Я изо всех сил старался стереть нашу надпись и оставить только его: «Марта, ключ у Нухимзонов». Но ничего ни стереть, ни оставить было нельзя, обе надписи давным-давно не существовали.
— Ну и как, жена ваша взяла ключ?
— Не знаю. Мы с ней больше не виделись. Сначала я не дождался, потом она не дождалась.
— Извините…
— Вот так бывает всегда: извиняются не те, которые должны извиняться… Если б я написал ей то, что написали вы…
Как будто мы говорили об одной Марте. О начале ее жизни и продолжении. И конце. Перед нами была одна жизнь, сложенная из кусков разных жизней.
— Теперь уже ничего не узнать… И ее не осталось, и Нухимзонов не осталось…
Он помолчал. И вдруг улыбнулся:
— А это вы хорошо придумали — любить втроем. Любить одному слишком непосильно для человека.
ВОЛОДЯ И ХИЖНЯК
Их оперировали в один день. Хижняк прозрел, Володя остался в прежнем положении. Володе было двадцать восемь, Хижняку шестьдесят, и, конечно, он испытывал некоторую неловкость.
— Воно б молодому, звычайно, а мени що… Я вже надывився…
Но позорная радость, которую он пытался из деликатности скрыть, рвалась из него и его опровергала:
— Насмотрелся!
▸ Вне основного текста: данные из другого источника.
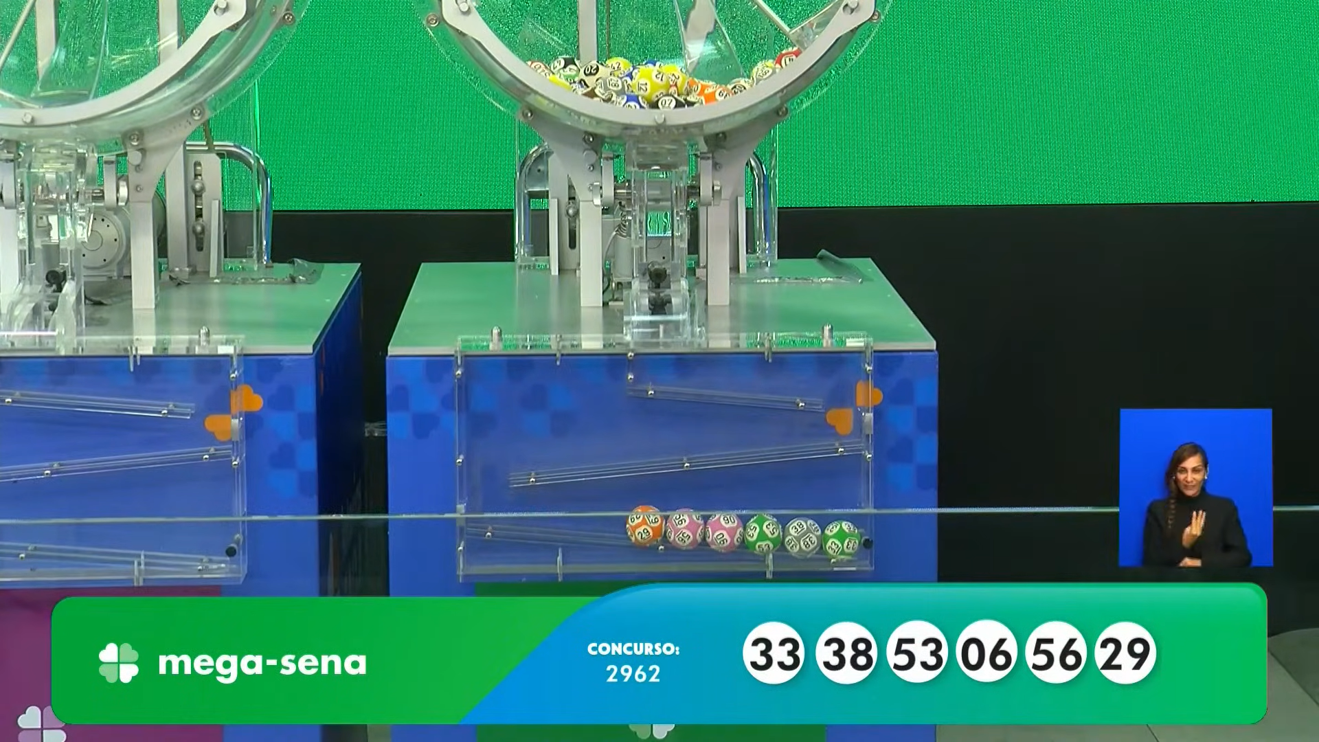 Concurso 2.962 da Mega-Sena teve como dezenas: 6, 29, 33, 38, 53, 56. (Foto: Reprodução/Caixa)

Разве можно насмотреться на этот мир? И такой он, и сякой, а — нельзя насмотреться…
Он чувствовал себя виноватым перед Володей, хотя никакой его вины в этом не было. Просто у него оказались целее глаза, у него не было производственной травмы, а была обычная катаракта, которая не представляет для врачей трудности. И все равно он не мог спокойно смотреть на Володю. Для того ли ему вернули зрение, чтобы смотреть на человека, которого оставили слепым? Тем более, что человек этот еще почти ничего в жизни не видел.